[Records contained in a dataset]
....
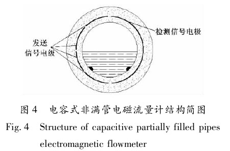 ②電容式非滿管污水廠出水用電磁流量計h。電容式非滿管污水廠出水用電磁流量計結構簡圖如圖4所示。、檢測信號電極  發(fā)送信號電
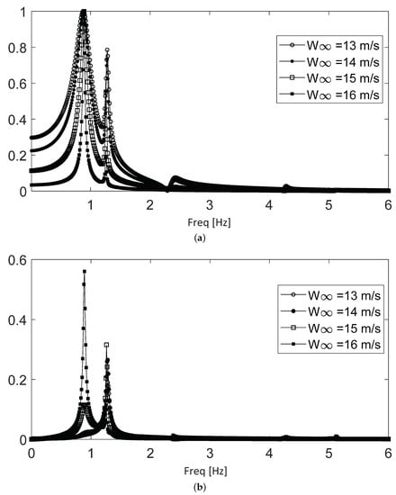 Figure 12 shows the spectra for the fourth and last subrange, which extends from 13 to 16 m/s, where the contribution is again mostly centered around the 0.87 Hz frequency, with a stronger presence of the 1.2 Hz component. An important distinctive feature is the presence of the 0.87 Hz frequency in the long-term spectra, which indicates a longer persistence (thus, a lower exponential decay) for this component. This ever-lower exponential decay of the 0.87 Hz component leads to the end of the stable regime, where the exponential decay approaches zero and then becomes negative. Thus, the aerodynamic damping turns into exponential expansion. In this subrange, the contributions of the other three frequencies become minimal.
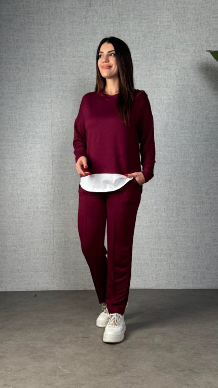 Kadın Uzun Kollu Kapşonlu Bağcıklı Viskon Iki Iplik Bluz Ve Pantolon Ikili Takım
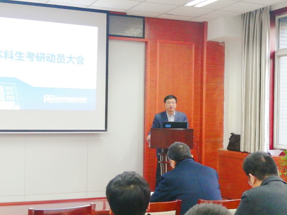 在创新楼255召开2022年考研动员会暨党委书记讲思政课,学院2018级本科生100余名有考研目标的同学参会,会议邀请到院长王占学教授、院党委书记闫育周参会,由院党委副书记刘海涌主持,帮助学生了解学院上研情况,鼓励学生在关键冲刺阶段有序开展考研复习。
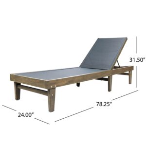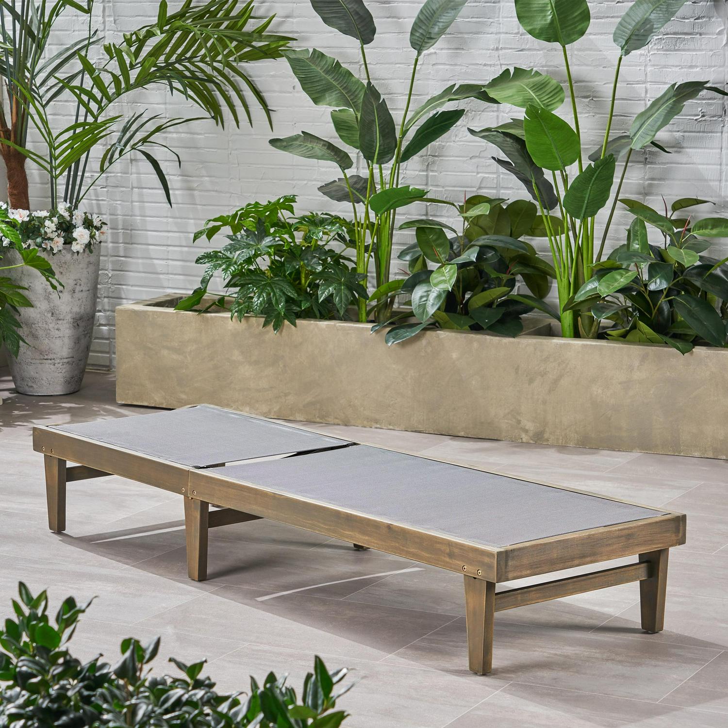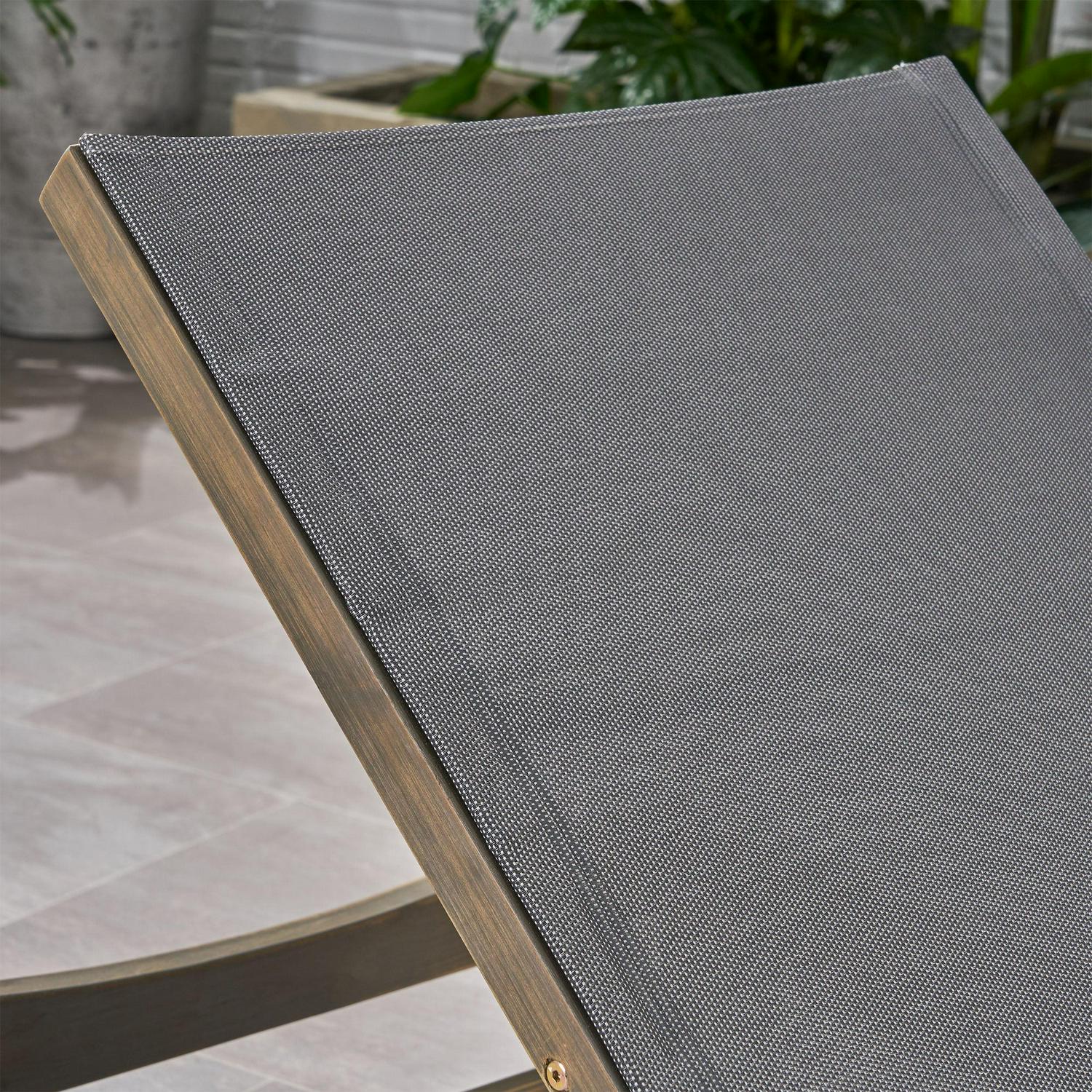 Annalee Outdoor Acacia Wood Chaise Lounge, Grey, Dark Grey
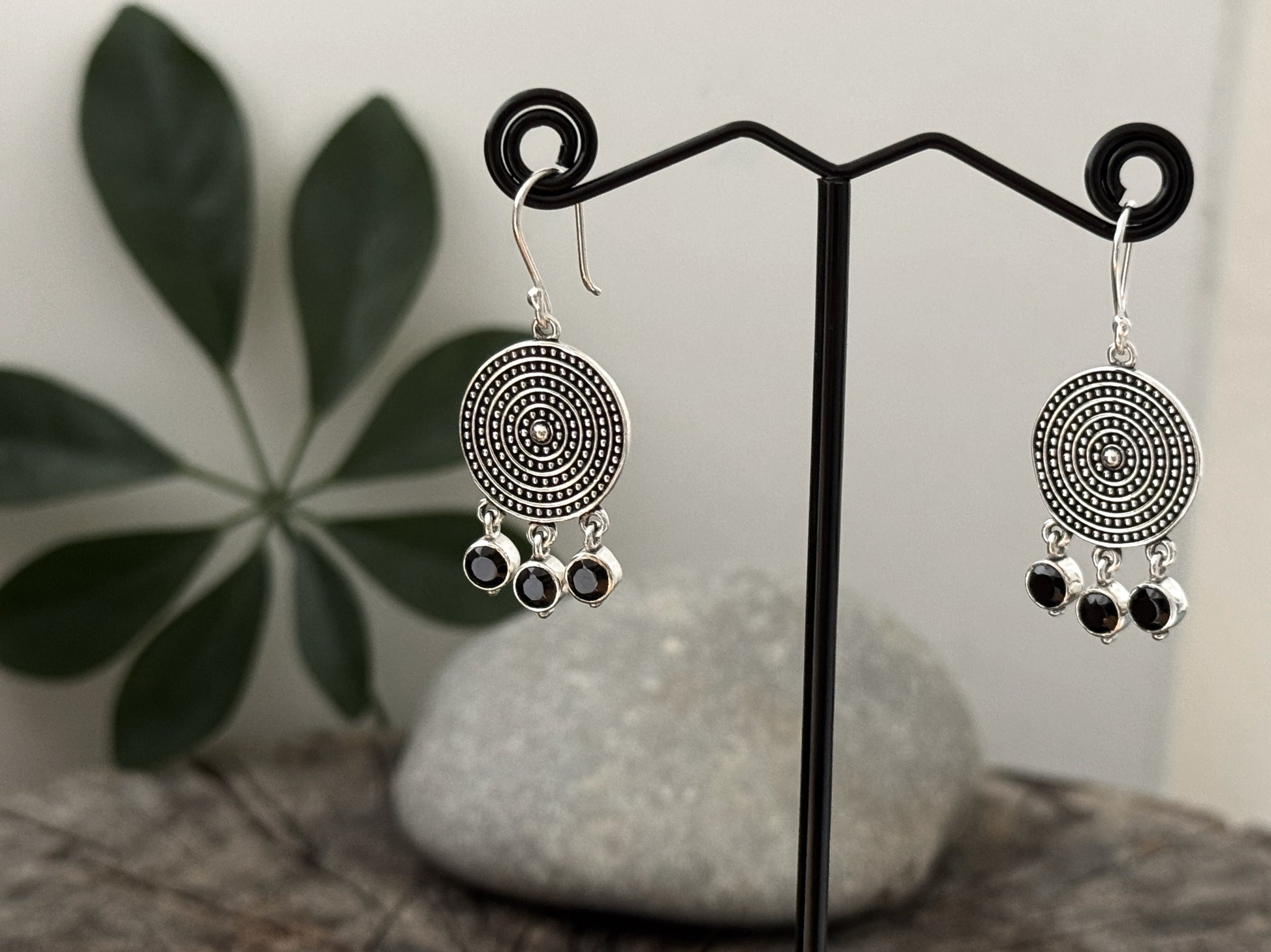 filigran verzierte, hängende Ohrringe mit 3 kleinen baumelnden schwarzen Spinell Steinen
....
- **What this task involves**: Give back the records above word for word, minus any image they hold.

- **Answer to the problem**:
 ②電容式非滿管污水廠出水用電磁流量計h。電容式非滿管污水廠出水用電磁流量計結構簡圖如圖4所示。、檢測信號電極  發(fā)送信號電
 Figure 12 shows the spectra for the fourth and last subrange, which extends from 13 to 16 m/s, where the contribution is again mostly centered around the 0.87 Hz frequency, with a stronger presence of the 1.2 Hz component. An important distinctive feature is the presence of the 0.87 Hz frequency in the long-term spectra, which indicates a longer persistence (thus, a lower exponential decay) for this component. This ever-lower exponential decay of the 0.87 Hz component leads to the end of the stable regime, where the exponential decay approaches zero and then becomes negative. Thus, the aerodynamic damping turns into exponential expansion. In this subrange, the contributions of the other three frequencies become minimal.
 Kadın Uzun Kollu Kapşonlu Bağcıklı Viskon Iki Iplik Bluz Ve Pantolon Ikili Takım
 在创新楼255召开2022年考研动员会暨党委书记讲思政课,学院2018级本科生100余名有考研目标的同学参会,会议邀请到院长王占学教授、院党委书记闫育周参会,由院党委副书记刘海涌主持,帮助学生了解学院上研情况,鼓励学生在关键冲刺阶段有序开展考研复习。
 Annalee Outdoor Acacia Wood Chaise Lounge, Grey, Dark Grey
 filigran verzierte, hängende Ohrringe mit 3 kleinen baumelnden schwarzen Spinell Steinen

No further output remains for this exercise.